Читать книгу Fog Computing - Группа авторов - Страница 95
3.2.7 Offloading to Nearby Edges
ОглавлениеFor edge devices that have extremely limited resources such as low-end Internet of Things (IoT) devices, they may still not be able to afford executing the most memory and computation-efficient DNN models locally. In such a scenario, instead of running the DNN models locally, it is necessary to offload the execution of DNN models. As mentioned in the introduction section, offloading to the cloud has a number of drawbacks, including leaking user privacy and suffering from unpredictable end-to-end network latency that could affect user experience, especially when real-time feedback is needed. Considering those drawbacks, a better option is to offload to nearby edge devices that have ample resources to execute the DNN models.

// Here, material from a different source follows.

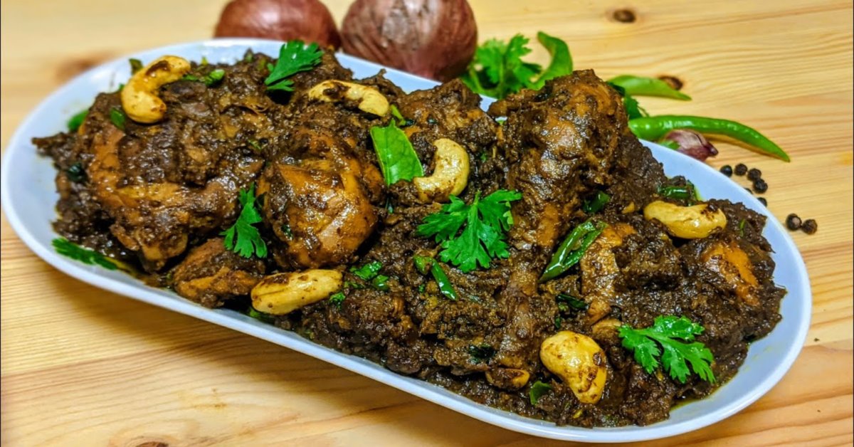 അതേ പാനിൽ 2 Tbsp വെളിച്ചെണ്ണ ഒഴിച്ച് ചൂടാക്കീട്ട് 4 tbsp ചതച്ച ഇഞ്ചി വെളുത്തുള്ളി ചേർത്ത് സ്വർണ്ണനിറമാകുന്നതുവരെ വഴറ്റുക. മസാല പേസ്റ്റും 1/2 കപ്പ് വെള്ളവും ചേർത്ത് 5-6 മിനുട്ട് വഴറ്റുക, dark brown നിറമാകുന്നതുവരെ. ഈ സമയത്ത് എണ്ണ തെളിയാൻ തുടങ്ങും. ഇനി 1 കിലോ ചിക്കൻ ചേർത്ത് ഇളക്കുക.ഉപ്പ് ക്രമീകരിക്കുക.ഇടത്തരം തീയിൽ വേവിക്കുക 10 minute ചിക്കൻ പാകമായി കഴിഞ്ഞാൽ ഗ്രേവി വറ്റു വരെ കുറഞ്ഞ തീയിൽ വരട്ടി എടുക്കുക മല്ലിയിലയും 3-4 പച്ചമുളകും 1 ടീസ്പൂൺ ഗരം മസാലയും ചേർക്കുക. ഇനി ചിക്കൻ പാത്രത്തിൻ്റ ഒരു വശത്തേയ്ക്ക് നീക്കി 1 Tbsp വെളിച്ചെണ്ണയും 1/2 ടീസ്പൂൺ കുരുമുളകും 6-8 കശുവണ്ടിയും 2 തണ്ട് കറിവേപ്പിലയും ചേർത്ത് വഴറ്റുക. അവസാനം 1/2 ടീസ്പൂൺ ജീരകം പൊടിയും 1/2 ടീസ്പൂൺ ഗരം മസാലയും മല്ലിയിലയും ചേർക്കുക ..കൊതിയൂറും കുരുമുളക് ഇട്ട് വരട്ടിയ ചിക്കൻ ഇപ്പോൾ തയ്യാറാണ് …

To realize edge offloading, the key is to come up with a model partition and allocation scheme that determines which part of model should be executed locally and which part of model should be offloading. To answer this question, the first aspect that needs to take into account is the size of intermediate results of executing a DNN model. A DNN model adopts a layered architecture. The sizes of intermediate results generated out of each layer have a pyramid shape (Figure 3.3), decreasing from lower layers to higher layers. As a result, partitioning at lower layers would generate larger sizes of intermediate results, which could increase the transmission latency. The second aspect that needs to take into account is the amount of information to be transmitted. For a DNN model, the amount of information generated out of each layer decreases from lower layers to higher layers. Partitioning at lower layers would prevent more information from being transmitted, thus preserving more privacy. As such, the edge offloading scheme creates a trade-off between computation workload, transmission latency, and privacy preservation.
Figure 3.3 Illustration of intermediate results of a DNN model. The size of intermediate results generated out of each layer decreases from lower layers to higher layers. The amount of information generated out of each layer also decreases from lower layers to higher layers.